## [DESCRIPTION OF THE TASK]
Please restate word for word the lines from the top of the entries through the line that contains "Lila Karierter Begrüßungsname", and do not include any pictures.

## [RECORDS SHOWN]
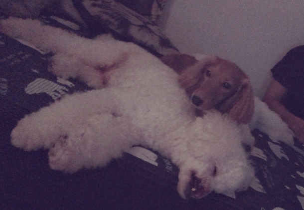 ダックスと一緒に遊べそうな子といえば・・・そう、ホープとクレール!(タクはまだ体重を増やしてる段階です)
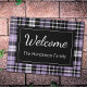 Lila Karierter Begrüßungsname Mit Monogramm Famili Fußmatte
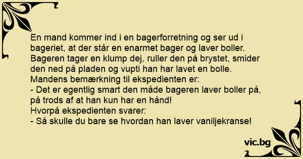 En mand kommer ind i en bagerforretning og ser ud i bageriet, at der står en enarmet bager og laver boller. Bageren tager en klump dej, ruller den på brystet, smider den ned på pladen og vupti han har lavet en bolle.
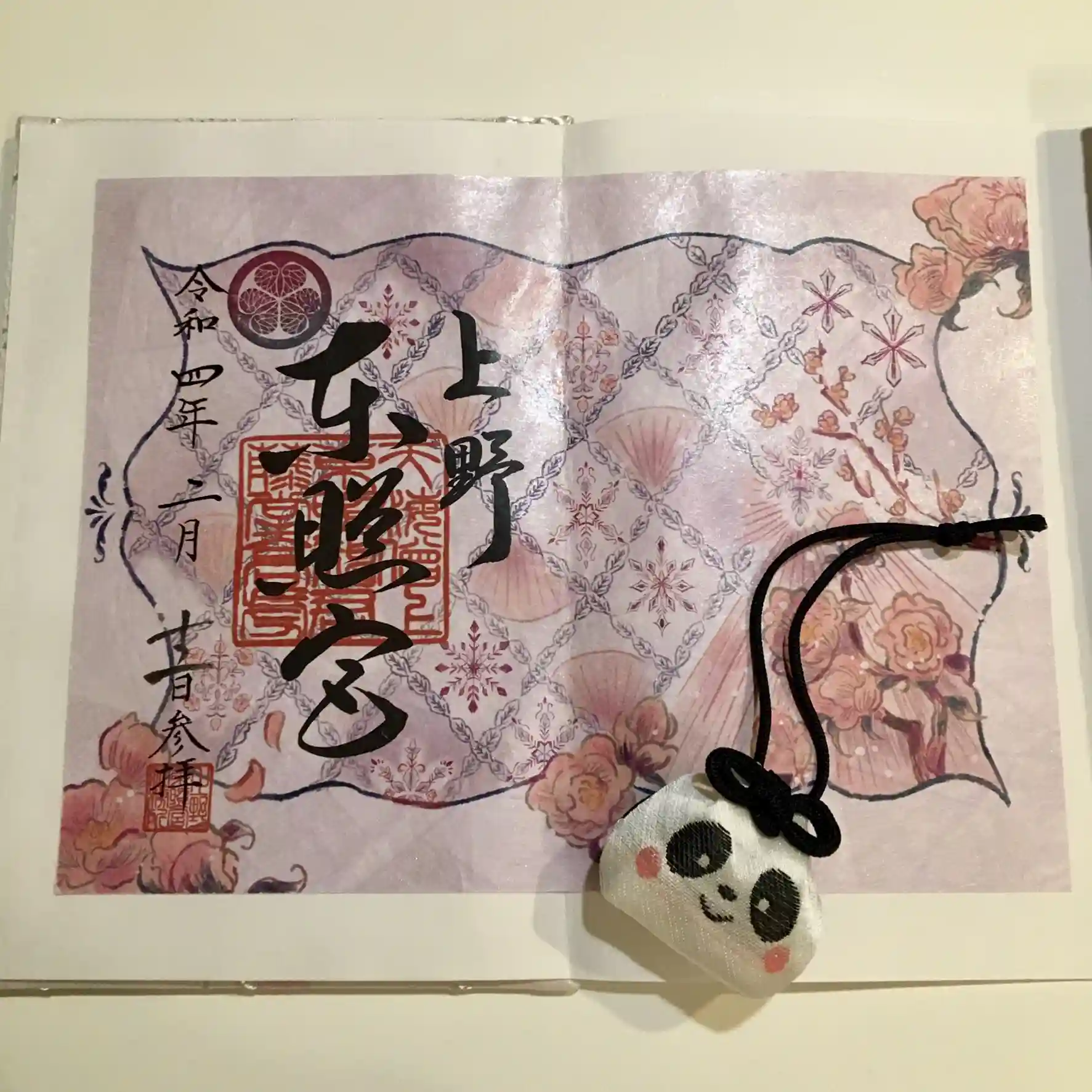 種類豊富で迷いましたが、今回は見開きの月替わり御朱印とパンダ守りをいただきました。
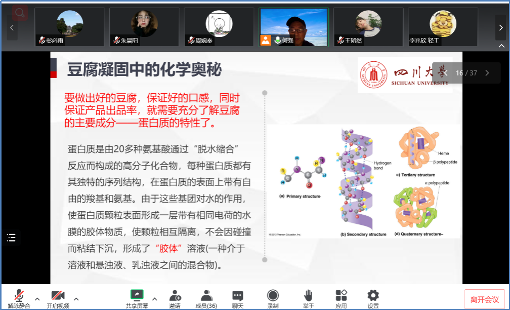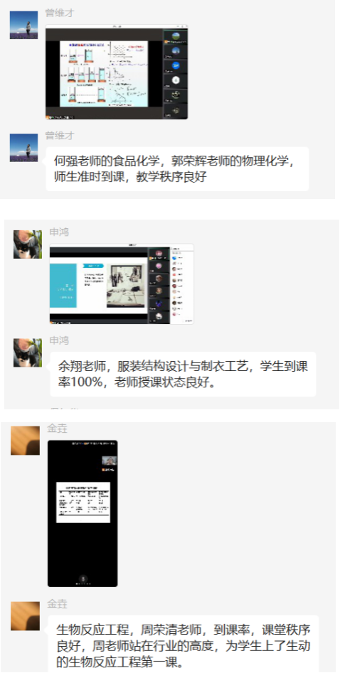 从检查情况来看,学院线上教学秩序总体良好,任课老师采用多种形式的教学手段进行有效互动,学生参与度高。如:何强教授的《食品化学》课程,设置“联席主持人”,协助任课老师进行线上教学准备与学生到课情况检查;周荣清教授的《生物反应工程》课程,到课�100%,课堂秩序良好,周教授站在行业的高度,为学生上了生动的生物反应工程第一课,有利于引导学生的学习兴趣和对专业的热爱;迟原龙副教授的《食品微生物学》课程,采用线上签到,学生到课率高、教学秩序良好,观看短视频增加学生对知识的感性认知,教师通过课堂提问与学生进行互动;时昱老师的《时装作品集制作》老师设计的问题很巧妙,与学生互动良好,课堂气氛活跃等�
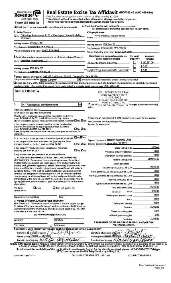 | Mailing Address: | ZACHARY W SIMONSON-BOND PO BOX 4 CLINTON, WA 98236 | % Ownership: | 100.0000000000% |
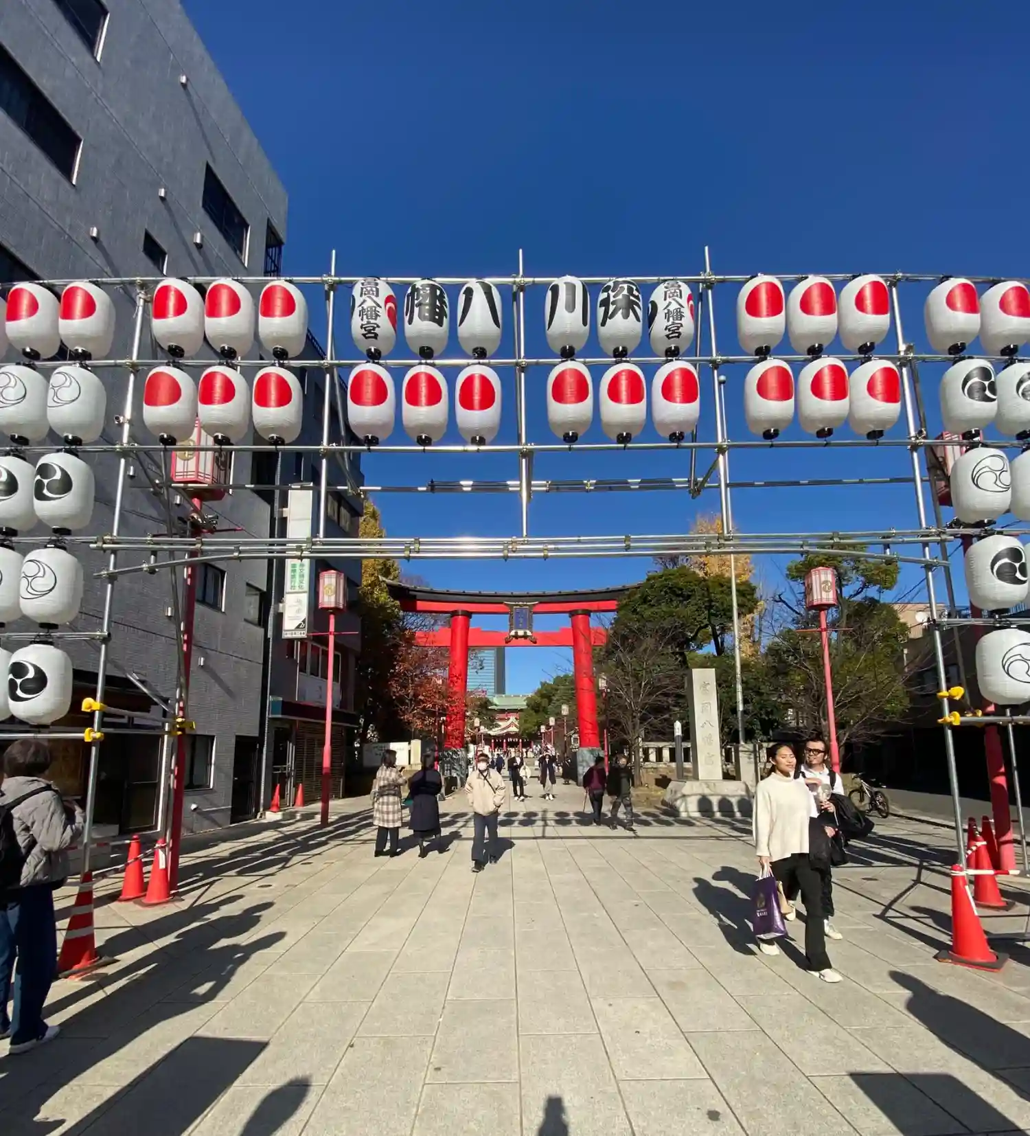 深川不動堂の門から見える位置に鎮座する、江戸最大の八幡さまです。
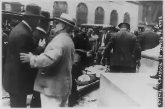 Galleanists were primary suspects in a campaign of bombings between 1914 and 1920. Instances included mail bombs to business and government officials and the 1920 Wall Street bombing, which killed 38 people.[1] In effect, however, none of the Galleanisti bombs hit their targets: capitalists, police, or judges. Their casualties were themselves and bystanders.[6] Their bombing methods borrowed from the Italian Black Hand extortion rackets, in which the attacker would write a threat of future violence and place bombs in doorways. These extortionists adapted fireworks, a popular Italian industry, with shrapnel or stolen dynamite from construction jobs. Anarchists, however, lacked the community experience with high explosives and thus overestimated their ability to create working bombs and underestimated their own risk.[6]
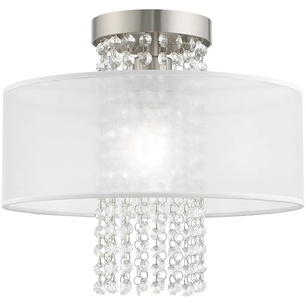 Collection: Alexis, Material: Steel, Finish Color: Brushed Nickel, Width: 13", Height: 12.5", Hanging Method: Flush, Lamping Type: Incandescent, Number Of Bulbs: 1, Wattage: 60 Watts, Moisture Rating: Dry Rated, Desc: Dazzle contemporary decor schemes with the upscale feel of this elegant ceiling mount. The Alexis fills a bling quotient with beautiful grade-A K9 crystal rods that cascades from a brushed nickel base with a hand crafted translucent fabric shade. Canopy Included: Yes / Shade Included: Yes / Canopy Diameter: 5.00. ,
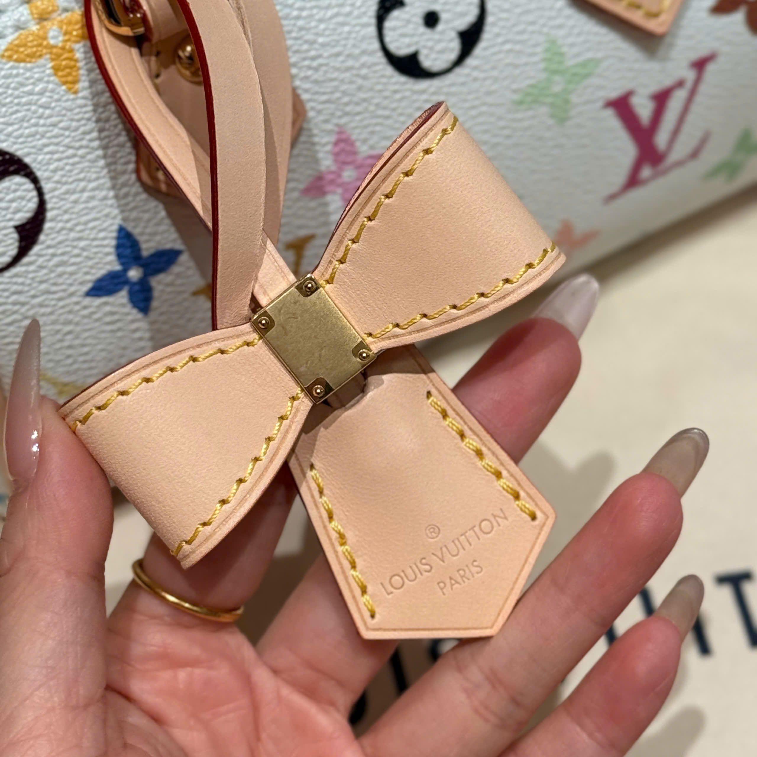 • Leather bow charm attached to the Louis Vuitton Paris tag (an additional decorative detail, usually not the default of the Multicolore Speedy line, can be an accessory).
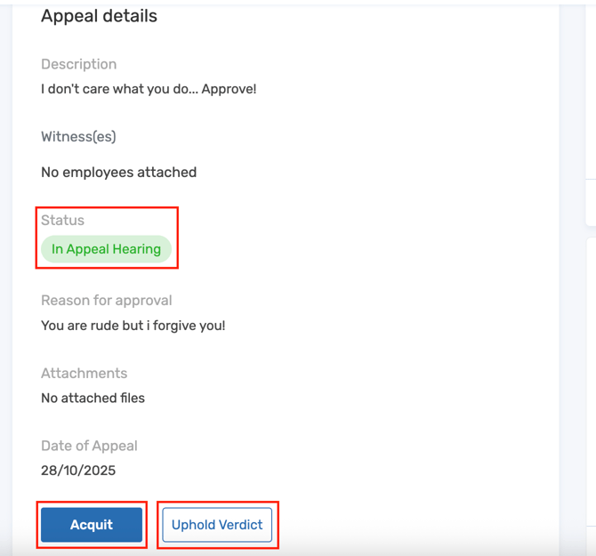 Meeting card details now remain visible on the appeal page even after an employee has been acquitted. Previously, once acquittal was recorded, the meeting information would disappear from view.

## [SOLUTION TO THE PROBLEM]
 ダックスと一緒に遊べそうな子といえば・・・そう、ホープとクレール!(タクはまだ体重を増やしてる段階です)
 Lila Karierter Begrüßungsname Mit Monogramm Famili Fußmatte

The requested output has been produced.